All of lore.kernel.org
 help / color / mirror / Atom feed
From: Jan Kara <jack@suse.cz>
To: "Michal Suchánek" <msuchanek@suse.de>
Cc: Dave Chinner <david@fromorbit.com>,
	"Darrick J. Wong" <darrick.wong@oracle.com>,
	linux-xfs@vger.kernel.org, linux-ext4@vger.kernel.org,
	Theodore Ts'o <tytso@mit.edu>,
	Andreas Dilger <adilger.kernel@dilger.ca>,
	Ira Weiny <ira.weiny@intel.com>, Jan Kara <jack@suse.cz>,
	linux-kernel@vger.kernel.org
Subject: Re: [PATCH 1/2] xfs: show the dax option in mount options.
Date: Thu, 12 Nov 2020 16:10:46 +0100	[thread overview]
Message-ID: <20201112151046.GD27697@quack2.suse.cz> (raw)
In-Reply-To: <20201112111217.GF29778@kitsune.suse.cz>

On Thu 12-11-20 12:12:17, Michal Suchánek wrote:
> On Thu, Nov 12, 2020 at 12:49:52PM +1100, Dave Chinner wrote:
> > On Wed, Nov 11, 2020 at 11:28:48AM +0100, Michal Suchánek wrote:
> > > On Tue, Nov 10, 2020 at 08:08:23AM +1100, Dave Chinner wrote:
> > > > On Mon, Nov 09, 2020 at 09:27:05PM +0100, Michal Suchánek wrote:
> > > > > On Mon, Nov 09, 2020 at 11:24:19AM -0800, Darrick J. Wong wrote:
> > > > > > On Mon, Nov 09, 2020 at 08:10:08PM +0100, Michal Suchanek wrote:
> > > > > > > xfs accepts both dax and dax_enum but shows only dax_enum.
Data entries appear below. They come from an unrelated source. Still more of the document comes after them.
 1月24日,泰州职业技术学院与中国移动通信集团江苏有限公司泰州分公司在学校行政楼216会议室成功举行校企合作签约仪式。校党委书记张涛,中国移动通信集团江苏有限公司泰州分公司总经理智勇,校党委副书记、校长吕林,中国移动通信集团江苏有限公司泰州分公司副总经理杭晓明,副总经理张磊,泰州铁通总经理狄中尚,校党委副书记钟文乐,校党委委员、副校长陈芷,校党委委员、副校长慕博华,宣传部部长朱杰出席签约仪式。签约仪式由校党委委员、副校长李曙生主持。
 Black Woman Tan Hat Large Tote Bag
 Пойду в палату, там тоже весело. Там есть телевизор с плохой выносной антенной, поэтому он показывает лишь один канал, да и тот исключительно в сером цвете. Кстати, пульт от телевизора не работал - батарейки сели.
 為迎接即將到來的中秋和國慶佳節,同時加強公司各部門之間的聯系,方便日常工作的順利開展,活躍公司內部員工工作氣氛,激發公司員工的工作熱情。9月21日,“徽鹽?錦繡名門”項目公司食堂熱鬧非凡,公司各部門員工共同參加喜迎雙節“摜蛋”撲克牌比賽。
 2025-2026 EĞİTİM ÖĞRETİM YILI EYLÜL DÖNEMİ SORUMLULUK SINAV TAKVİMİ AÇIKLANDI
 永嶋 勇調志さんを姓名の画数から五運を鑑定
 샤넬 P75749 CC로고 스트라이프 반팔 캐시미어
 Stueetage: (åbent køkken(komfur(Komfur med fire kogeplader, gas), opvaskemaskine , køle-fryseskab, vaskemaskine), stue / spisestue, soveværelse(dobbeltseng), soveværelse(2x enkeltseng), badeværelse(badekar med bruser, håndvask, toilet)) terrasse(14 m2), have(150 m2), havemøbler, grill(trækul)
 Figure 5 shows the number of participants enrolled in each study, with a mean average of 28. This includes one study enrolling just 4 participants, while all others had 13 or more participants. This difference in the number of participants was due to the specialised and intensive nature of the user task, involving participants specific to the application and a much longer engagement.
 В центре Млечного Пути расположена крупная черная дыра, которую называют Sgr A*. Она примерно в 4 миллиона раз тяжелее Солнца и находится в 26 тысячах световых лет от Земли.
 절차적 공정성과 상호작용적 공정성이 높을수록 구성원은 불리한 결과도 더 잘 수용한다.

Show both
> > > > > > > options.
> > > > > > > 
> > > > > > > Fixes: 8d6c3446ec23 ("fs/xfs: Make DAX mount option a tri-state")
> > > > > > > Signed-off-by: Michal Suchanek <msuchanek@suse.de>
> > > > > > > ---
> > > > > > >  fs/xfs/xfs_super.c | 2 +-
> > > > > > >  1 file changed, 1 insertion(+), 1 deletion(-)
> > > > > > > 
> > > > > > > diff --git a/fs/xfs/xfs_super.c b/fs/xfs/xfs_super.c
> > > > > > > index e3e229e52512..a3b00003840d 100644
> > > > > > > --- a/fs/xfs/xfs_super.c
> > > > > > > +++ b/fs/xfs/xfs_super.c
> > > > > > > @@ -163,7 +163,7 @@ xfs_fs_show_options(
> > > > > > >  		{ XFS_MOUNT_GRPID,		",grpid" },
> > > > > > >  		{ XFS_MOUNT_DISCARD,		",discard" },
> > > > > > >  		{ XFS_MOUNT_LARGEIO,		",largeio" },
> > > > > > > -		{ XFS_MOUNT_DAX_ALWAYS,		",dax=always" },
> > > > > > > +		{ XFS_MOUNT_DAX_ALWAYS,		",dax,dax=always" },
> > > > > > 
> > > > > > NAK, programs that require DAX semantics for files stored on XFS must
> > > > > > call statx to detect the STATX_ATTR_DAX flag, as outlined in "Enabling
> > > > > > DAX on xfs" in Documentation/filesystems/dax.txt.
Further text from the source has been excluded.